◆ **Task goal**
The response must be the exact lines from the one that contains "虎牌(TIGER)第三代最新" through the end of the material, with no pictures and no additional lines.

◆ **Source material**

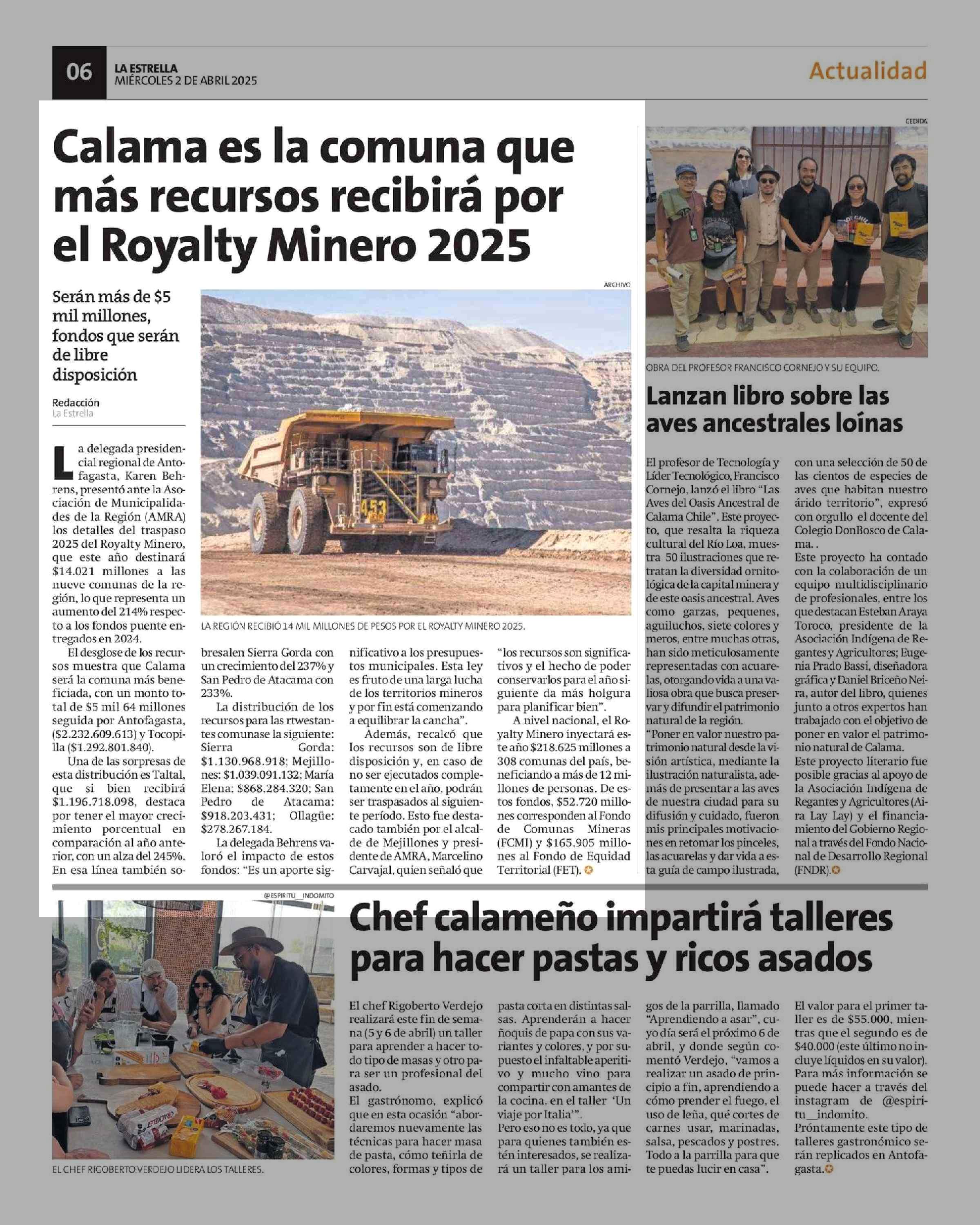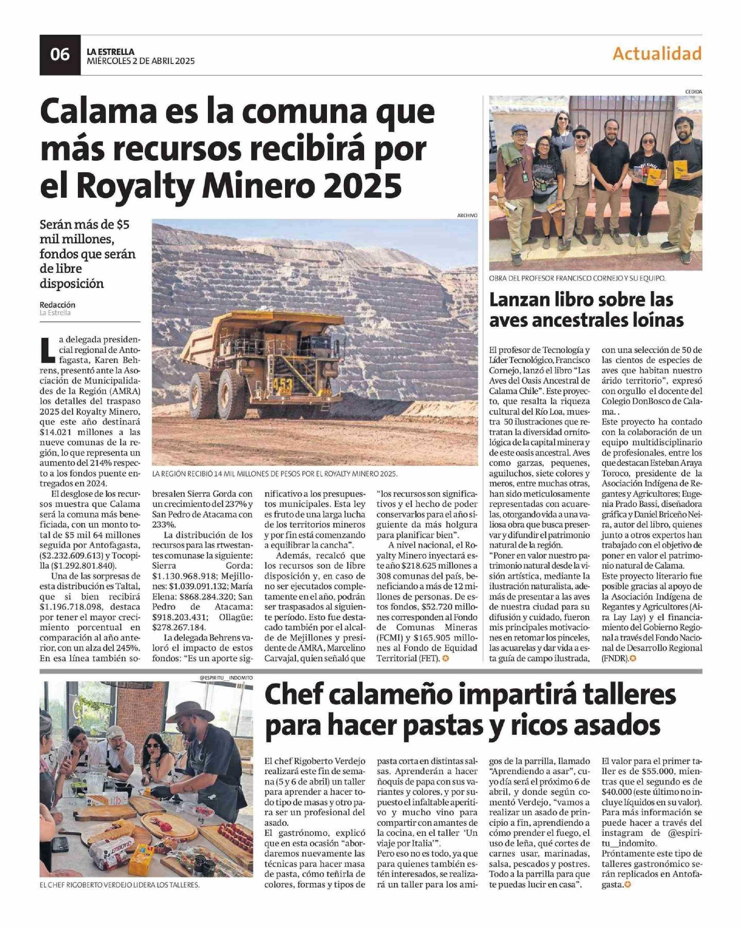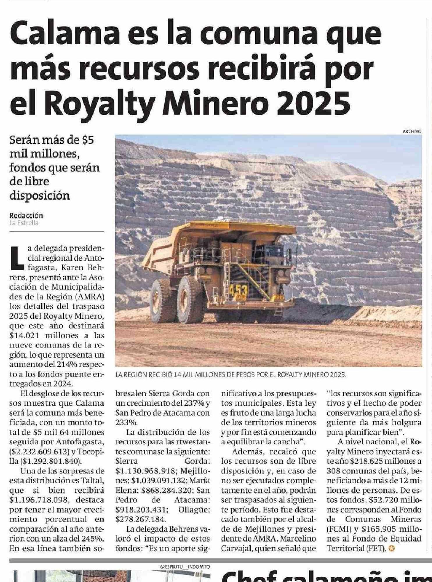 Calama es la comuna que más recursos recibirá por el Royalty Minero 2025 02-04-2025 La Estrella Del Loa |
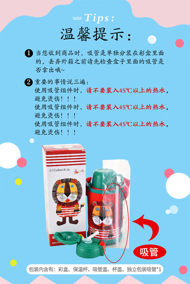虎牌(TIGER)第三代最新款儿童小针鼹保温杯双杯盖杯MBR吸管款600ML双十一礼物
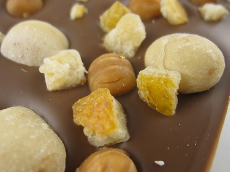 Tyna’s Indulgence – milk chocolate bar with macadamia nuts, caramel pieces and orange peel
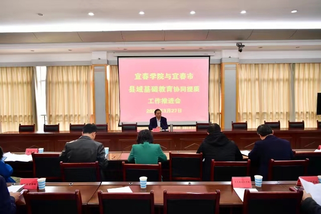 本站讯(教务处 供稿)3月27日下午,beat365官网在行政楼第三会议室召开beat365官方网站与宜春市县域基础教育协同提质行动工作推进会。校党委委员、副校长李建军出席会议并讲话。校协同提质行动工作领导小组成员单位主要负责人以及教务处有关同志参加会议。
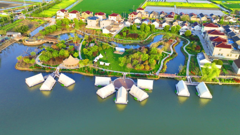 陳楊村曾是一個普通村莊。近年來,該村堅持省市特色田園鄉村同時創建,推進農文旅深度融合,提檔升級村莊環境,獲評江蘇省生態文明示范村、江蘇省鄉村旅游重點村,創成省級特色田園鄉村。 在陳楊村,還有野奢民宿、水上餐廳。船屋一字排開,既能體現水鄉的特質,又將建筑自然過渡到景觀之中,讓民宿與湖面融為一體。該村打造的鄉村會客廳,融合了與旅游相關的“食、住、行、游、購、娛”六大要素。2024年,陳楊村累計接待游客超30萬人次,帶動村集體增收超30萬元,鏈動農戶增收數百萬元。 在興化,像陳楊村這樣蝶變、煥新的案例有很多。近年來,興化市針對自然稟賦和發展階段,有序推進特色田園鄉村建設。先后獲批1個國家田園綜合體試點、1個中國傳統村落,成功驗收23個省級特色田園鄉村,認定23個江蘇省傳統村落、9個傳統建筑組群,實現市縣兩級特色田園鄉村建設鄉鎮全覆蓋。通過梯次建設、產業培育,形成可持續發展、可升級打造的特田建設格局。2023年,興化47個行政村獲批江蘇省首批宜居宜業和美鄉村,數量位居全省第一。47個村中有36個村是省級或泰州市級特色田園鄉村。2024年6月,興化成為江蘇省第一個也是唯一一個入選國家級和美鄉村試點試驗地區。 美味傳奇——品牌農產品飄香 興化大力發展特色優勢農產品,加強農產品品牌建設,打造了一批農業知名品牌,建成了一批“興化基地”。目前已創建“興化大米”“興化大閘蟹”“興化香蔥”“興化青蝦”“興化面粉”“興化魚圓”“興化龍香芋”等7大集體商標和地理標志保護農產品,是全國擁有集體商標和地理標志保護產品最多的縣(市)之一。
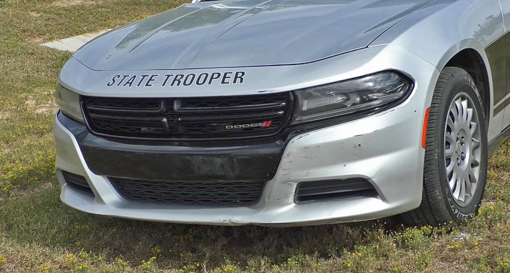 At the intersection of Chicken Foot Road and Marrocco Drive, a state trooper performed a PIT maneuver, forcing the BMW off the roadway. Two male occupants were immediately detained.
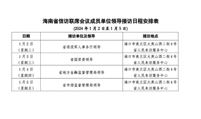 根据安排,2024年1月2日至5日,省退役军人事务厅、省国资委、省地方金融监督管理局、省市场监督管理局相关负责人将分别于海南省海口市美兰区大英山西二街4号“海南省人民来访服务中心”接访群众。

◆ **Response box**
虎牌(TIGER)第三代最新款儿童小针鼹保温杯双杯盖杯MBR吸管款600ML双十一礼物
 Tyna’s Indulgence – milk chocolate bar with macadamia nuts, caramel pieces and orange peel
 本站讯(教务处 供稿)3月27日下午,beat365官网在行政楼第三会议室召开beat365官方网站与宜春市县域基础教育协同提质行动工作推进会。校党委委员、副校长李建军出席会议并讲话。校协同提质行动工作领导小组成员单位主要负责人以及教务处有关同志参加会议。
 陳楊村曾是一個普通村莊。近年來,該村堅持省市特色田園鄉村同時創建,推進農文旅深度融合,提檔升級村莊環境,獲評江蘇省生態文明示范村、江蘇省鄉村旅游重點村,創成省級特色田園鄉村。 在陳楊村,還有野奢民宿、水上餐廳。船屋一字排開,既能體現水鄉的特質,又將建筑自然過渡到景觀之中,讓民宿與湖面融為一體。該村打造的鄉村會客廳,融合了與旅游相關的“食、住、行、游、購、娛”六大要素。2024年,陳楊村累計接待游客超30萬人次,帶動村集體增收超30萬元,鏈動農戶增收數百萬元。 在興化,像陳楊村這樣蝶變、煥新的案例有很多。近年來,興化市針對自然稟賦和發展階段,有序推進特色田園鄉村建設。先后獲批1個國家田園綜合體試點、1個中國傳統村落,成功驗收23個省級特色田園鄉村,認定23個江蘇省傳統村落、9個傳統建筑組群,實現市縣兩級特色田園鄉村建設鄉鎮全覆蓋。通過梯次建設、產業培育,形成可持續發展、可升級打造的特田建設格局。2023年,興化47個行政村獲批江蘇省首批宜居宜業和美鄉村,數量位居全省第一。47個村中有36個村是省級或泰州市級特色田園鄉村。2024年6月,興化成為江蘇省第一個也是唯一一個入選國家級和美鄉村試點試驗地區。 美味傳奇——品牌農產品飄香 興化大力發展特色優勢農產品,加強農產品品牌建設,打造了一批農業知名品牌,建成了一批“興化基地”。目前已創建“興化大米”“興化大閘蟹”“興化香蔥”“興化青蝦”“興化面粉”“興化魚圓”“興化龍香芋”等7大集體商標和地理標志保護農產品,是全國擁有集體商標和地理標志保護產品最多的縣(市)之一。
 At the intersection of Chicken Foot Road and Marrocco Drive, a state trooper performed a PIT maneuver, forcing the BMW off the roadway. Two male occupants were immediately detained.
 根据安排,2024年1月2日至5日,省退役军人事务厅、省国资委、省地方金融监督管理局、省市场监督管理局相关负责人将分别于海南省海口市美兰区大英山西二街4号“海南省人民来访服务中心”接访群众。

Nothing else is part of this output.